→ **Instructions for the task**: Reproduce only the lines below from the line containing "Below: the scene" to the line containing "BOUCLES D'OREILLES Dame", exactly as written, with both end lines kept. Omit the pictures.

→ **Data extract**:
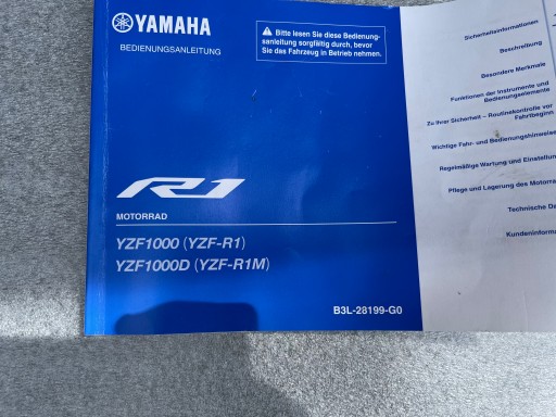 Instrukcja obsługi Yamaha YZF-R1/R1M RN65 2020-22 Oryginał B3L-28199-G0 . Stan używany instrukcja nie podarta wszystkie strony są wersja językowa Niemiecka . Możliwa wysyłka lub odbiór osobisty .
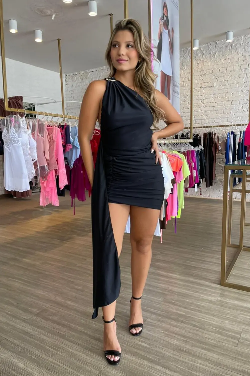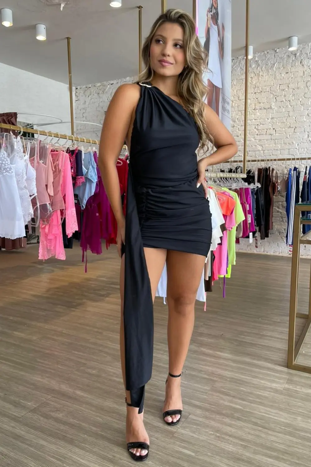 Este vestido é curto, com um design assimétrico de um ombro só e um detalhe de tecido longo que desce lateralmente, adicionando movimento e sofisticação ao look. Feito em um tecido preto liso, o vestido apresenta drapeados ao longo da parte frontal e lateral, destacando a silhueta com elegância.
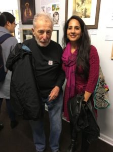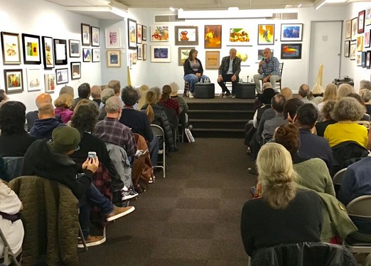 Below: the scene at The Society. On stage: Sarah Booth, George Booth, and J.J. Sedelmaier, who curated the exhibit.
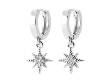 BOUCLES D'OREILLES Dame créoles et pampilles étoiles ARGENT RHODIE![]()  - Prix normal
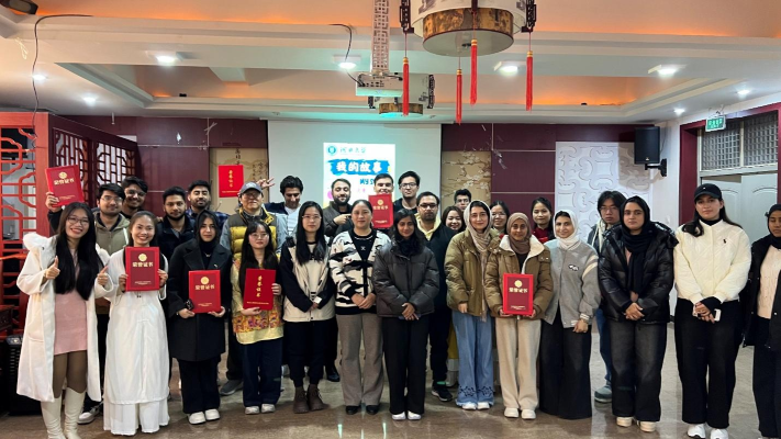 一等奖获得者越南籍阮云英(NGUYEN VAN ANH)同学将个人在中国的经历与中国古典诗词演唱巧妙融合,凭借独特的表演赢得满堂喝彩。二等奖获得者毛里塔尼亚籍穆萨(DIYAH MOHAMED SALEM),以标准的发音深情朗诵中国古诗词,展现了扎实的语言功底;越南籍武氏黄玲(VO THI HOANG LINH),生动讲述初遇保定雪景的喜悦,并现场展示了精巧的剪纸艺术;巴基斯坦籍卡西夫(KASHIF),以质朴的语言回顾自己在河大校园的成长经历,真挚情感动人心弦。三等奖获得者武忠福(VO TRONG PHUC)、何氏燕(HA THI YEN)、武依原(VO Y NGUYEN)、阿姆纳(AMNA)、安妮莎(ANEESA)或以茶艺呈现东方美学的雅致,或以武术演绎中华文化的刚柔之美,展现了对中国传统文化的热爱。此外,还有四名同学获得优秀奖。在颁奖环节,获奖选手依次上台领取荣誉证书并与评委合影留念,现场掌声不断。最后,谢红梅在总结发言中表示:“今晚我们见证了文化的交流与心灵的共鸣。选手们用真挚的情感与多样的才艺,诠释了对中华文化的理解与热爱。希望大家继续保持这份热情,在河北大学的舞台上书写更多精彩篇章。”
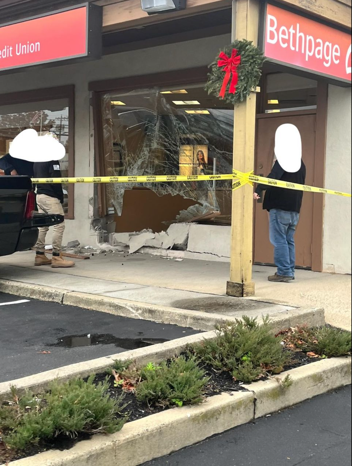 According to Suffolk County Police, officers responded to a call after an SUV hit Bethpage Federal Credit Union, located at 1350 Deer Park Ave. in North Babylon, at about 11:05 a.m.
---
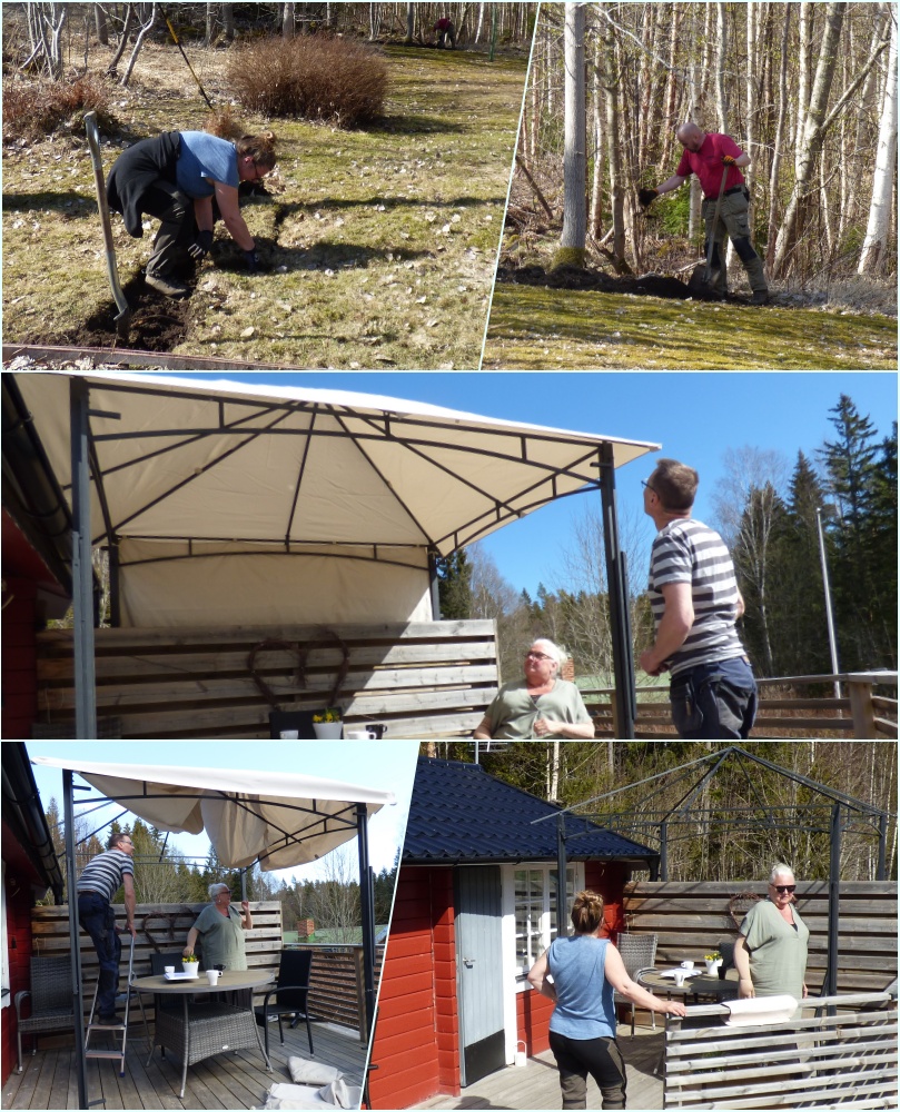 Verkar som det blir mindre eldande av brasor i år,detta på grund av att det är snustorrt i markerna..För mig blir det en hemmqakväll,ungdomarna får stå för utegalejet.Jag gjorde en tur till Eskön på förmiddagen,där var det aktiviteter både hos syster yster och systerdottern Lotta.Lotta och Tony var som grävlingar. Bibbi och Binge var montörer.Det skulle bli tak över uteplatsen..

→ **Response below**:
 Below: the scene at The Society. On stage: Sarah Booth, George Booth, and J.J. Sedelmaier, who curated the exhibit.
 BOUCLES D'OREILLES Dame créoles et pampilles étoiles ARGENT RHODIE![]()  - Prix normal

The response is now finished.